The purpose of rule 803(4) is to allow in evidence that is highly credible. See id.
5
L.A.’s statements given for medical diagnosis or treatment are likely to be true due to a
patient’s self-interest in her health. See id. Texas courts have held that a trial court does
not abuse its discretion by admitting statements made during a SANE examination. See
Green v. State, 191 S.W.3d 888, 896 (Tex. App.–Houston [14th Dist] 2006, pet. ref’d);
see also Little v. State, No. 04-08-00723-CR, 2009 Tex. App. LEXIS 7091, at **3-6 (Tex.
App.–San Antonio Sept. 9, 2009, no pet.) (mem. op., not designated for publication).
The record shows that L.A. met with McLaughlin alone, isolated from anyone who
could influence her responses. McLaughlin testified that the examination was conducted
in four stages, only the last of which was intended to collect evidence for police.

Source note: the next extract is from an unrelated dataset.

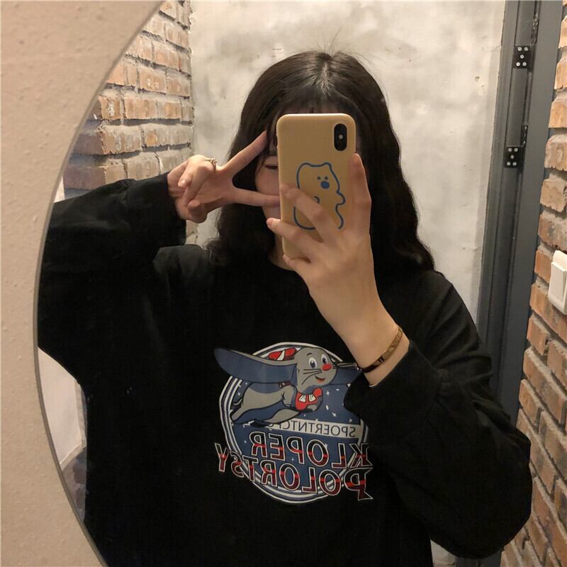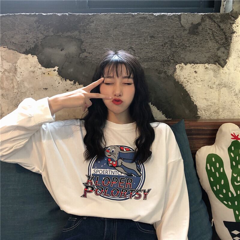 2020年春秋新バージョンのルーズなミドル丈の漫画の手紙の学生がベースの長袖Tシャツの女性のイン misskkl47642153724

McLaughlin also stated that in her experience, which encompasses approximately 3,000
sexual assault examinations, she has found that medical histories are relevant to medical
diagnosis and treatment of the victim. McLaughlin explained, “I need to know what
happened for diagnosis and treatment, I need to know where to look; if they need any
medications, if lab work needs to be done, so I have to know what happened.” Therefore,
the medical history is at a minimum reasonably pertinent to diagnosis or treatment, and
hence admissible under Texas Rule of Evidence 803(4). See TEX . R. EVID . 803(4); see
also Fleming, 819 S.W.2d at 247.
To determine whether a child understands the importance of telling the truth, we
look to the entire record. See Green, 191 S.W.3d at 896. Although no specific inquiry was
made to determine whether L.A. appreciated the need to be truthful in her statements to
McLaughlin, the record is sufficient to support such a conclusion. See Fleming, 819
S.W.2d at 247. L.A. made her statements in a hospital, alone, and received a full-body
6
examination consistent with the medical history she gave. L.A. was twelve years old at the
time of her examination. Further, the manner in which L.A. described Satterlee’s conduct
was, according to McLaughlin’s sizable experience, discernable and consistent with
descriptions provided by other victims her age. Finally, L.A.’s own health and welfare was
an incentive to be thorough and honest with McLaughlin.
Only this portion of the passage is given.